RECORDED DATA: Begin

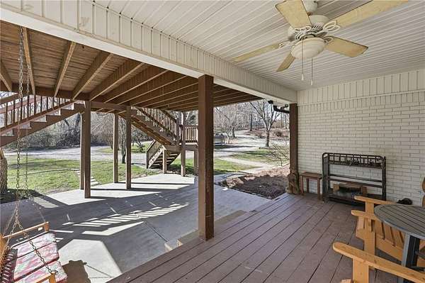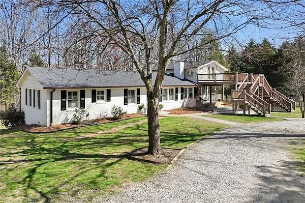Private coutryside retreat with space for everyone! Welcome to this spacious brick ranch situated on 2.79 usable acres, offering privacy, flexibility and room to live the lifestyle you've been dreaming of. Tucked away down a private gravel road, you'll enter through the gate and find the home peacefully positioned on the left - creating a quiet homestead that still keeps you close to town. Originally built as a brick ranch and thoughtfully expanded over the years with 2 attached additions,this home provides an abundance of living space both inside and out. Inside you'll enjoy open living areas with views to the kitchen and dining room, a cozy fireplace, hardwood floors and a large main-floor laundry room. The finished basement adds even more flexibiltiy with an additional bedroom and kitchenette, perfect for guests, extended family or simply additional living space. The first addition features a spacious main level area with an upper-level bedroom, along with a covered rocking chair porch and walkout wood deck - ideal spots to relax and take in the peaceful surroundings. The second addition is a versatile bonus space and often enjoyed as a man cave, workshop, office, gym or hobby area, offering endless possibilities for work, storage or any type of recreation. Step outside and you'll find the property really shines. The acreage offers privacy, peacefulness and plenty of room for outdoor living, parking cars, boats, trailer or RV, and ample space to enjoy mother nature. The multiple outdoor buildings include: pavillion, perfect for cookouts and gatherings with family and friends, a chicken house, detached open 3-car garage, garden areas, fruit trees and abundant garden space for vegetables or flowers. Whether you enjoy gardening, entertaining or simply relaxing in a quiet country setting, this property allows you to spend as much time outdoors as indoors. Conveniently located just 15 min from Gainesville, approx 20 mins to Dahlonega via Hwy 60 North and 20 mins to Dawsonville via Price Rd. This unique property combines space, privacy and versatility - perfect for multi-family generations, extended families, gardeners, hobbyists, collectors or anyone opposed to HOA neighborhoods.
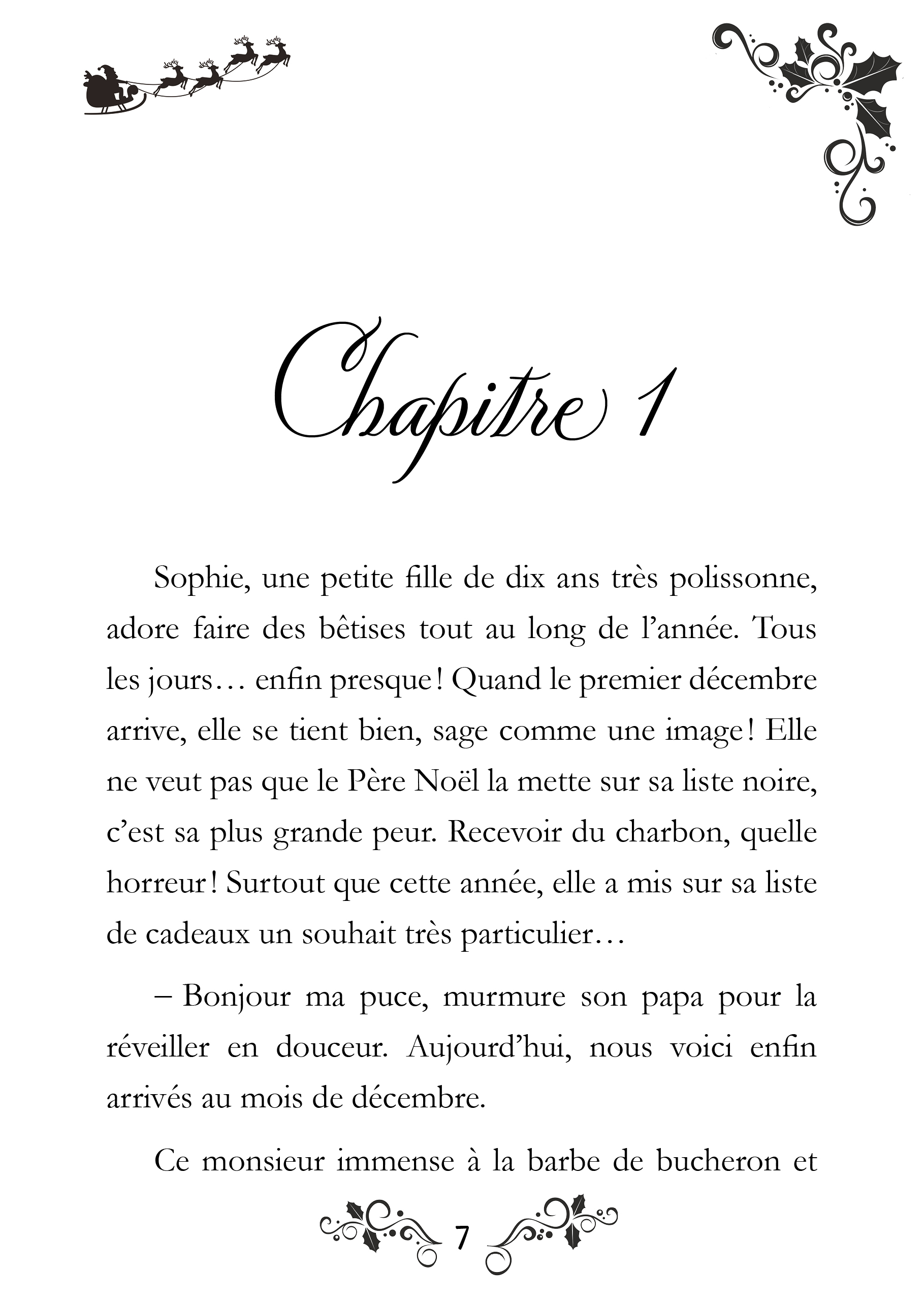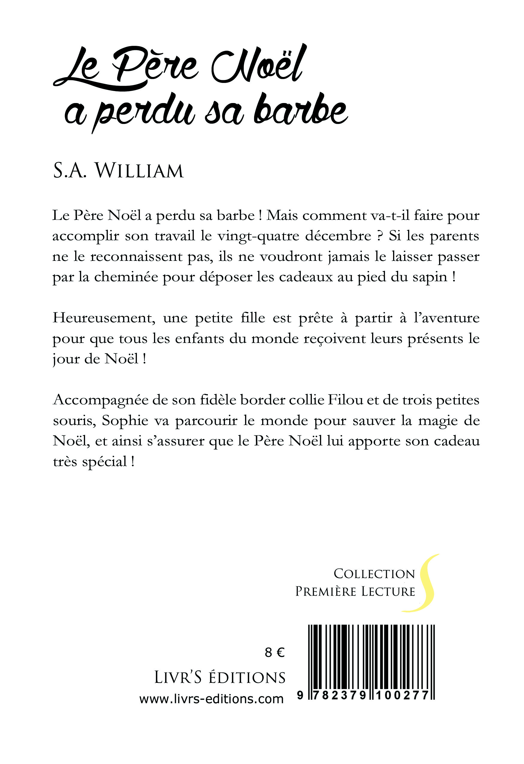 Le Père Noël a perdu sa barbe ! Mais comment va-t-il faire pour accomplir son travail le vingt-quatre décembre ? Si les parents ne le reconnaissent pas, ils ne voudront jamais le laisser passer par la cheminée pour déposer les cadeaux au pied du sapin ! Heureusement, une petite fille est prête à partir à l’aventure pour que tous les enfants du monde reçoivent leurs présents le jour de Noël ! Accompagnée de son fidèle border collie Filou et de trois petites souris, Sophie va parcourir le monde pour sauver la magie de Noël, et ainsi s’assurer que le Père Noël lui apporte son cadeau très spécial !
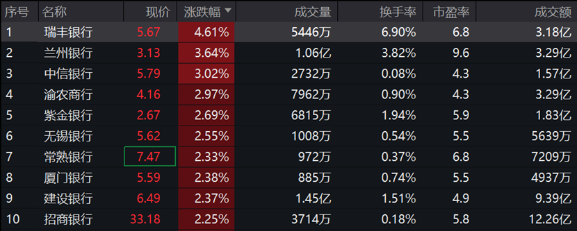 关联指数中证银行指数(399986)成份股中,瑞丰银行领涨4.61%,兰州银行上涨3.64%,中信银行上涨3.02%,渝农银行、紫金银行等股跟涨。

RECORDED DATA: End
RECORDED DATA: Begin

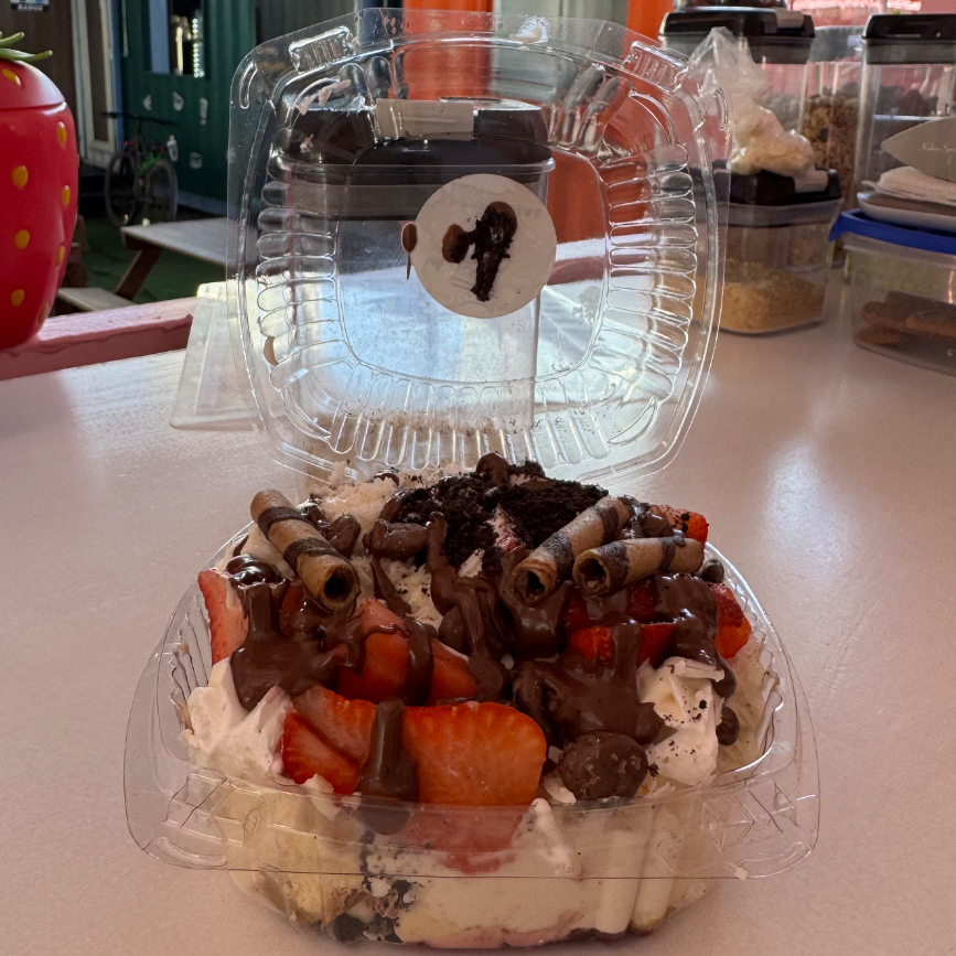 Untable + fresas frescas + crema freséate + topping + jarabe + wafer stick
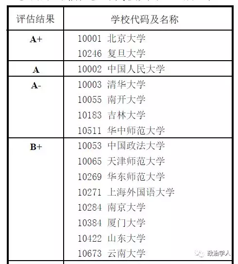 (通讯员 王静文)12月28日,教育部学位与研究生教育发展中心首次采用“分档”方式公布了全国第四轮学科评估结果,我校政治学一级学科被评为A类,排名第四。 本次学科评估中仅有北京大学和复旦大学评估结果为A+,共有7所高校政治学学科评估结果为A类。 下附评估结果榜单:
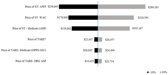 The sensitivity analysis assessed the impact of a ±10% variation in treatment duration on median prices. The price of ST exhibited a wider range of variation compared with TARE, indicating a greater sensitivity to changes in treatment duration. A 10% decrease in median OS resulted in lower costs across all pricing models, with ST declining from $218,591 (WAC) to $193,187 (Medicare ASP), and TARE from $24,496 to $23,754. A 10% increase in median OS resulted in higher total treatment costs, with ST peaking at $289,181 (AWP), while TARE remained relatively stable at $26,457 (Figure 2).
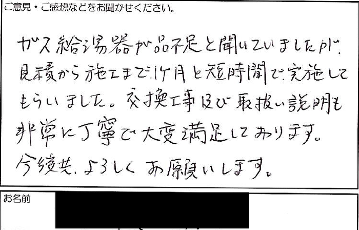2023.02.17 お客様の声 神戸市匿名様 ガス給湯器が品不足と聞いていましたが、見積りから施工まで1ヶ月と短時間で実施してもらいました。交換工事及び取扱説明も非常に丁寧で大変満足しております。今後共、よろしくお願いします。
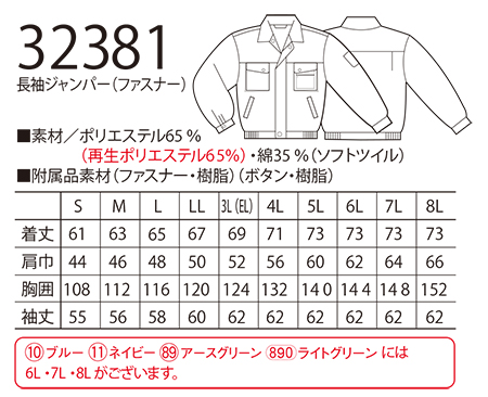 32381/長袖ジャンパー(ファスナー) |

RECORDED DATA: End

TASK BRIEF
Of the lines above, quote exactly those from the one with "The sensitivity analysis" through the one with "32381/長袖ジャンパー(ファスナー) |", ends included; pictures stay out.

ANSWER TO THIS PROBLEM
 The sensitivity analysis assessed the impact of a ±10% variation in treatment duration on median prices. The price of ST exhibited a wider range of variation compared with TARE, indicating a greater sensitivity to changes in treatment duration. A 10% decrease in median OS resulted in lower costs across all pricing models, with ST declining from $218,591 (WAC) to $193,187 (Medicare ASP), and TARE from $24,496 to $23,754. A 10% increase in median OS resulted in higher total treatment costs, with ST peaking at $289,181 (AWP), while TARE remained relatively stable at $26,457 (Figure 2).
2023.02.17 お客様の声 神戸市匿名様 ガス給湯器が品不足と聞いていましたが、見積りから施工まで1ヶ月と短時間で実施してもらいました。交換工事及び取扱説明も非常に丁寧で大変満足しております。今後共、よろしくお願いします。
 32381/長袖ジャンパー(ファスナー) |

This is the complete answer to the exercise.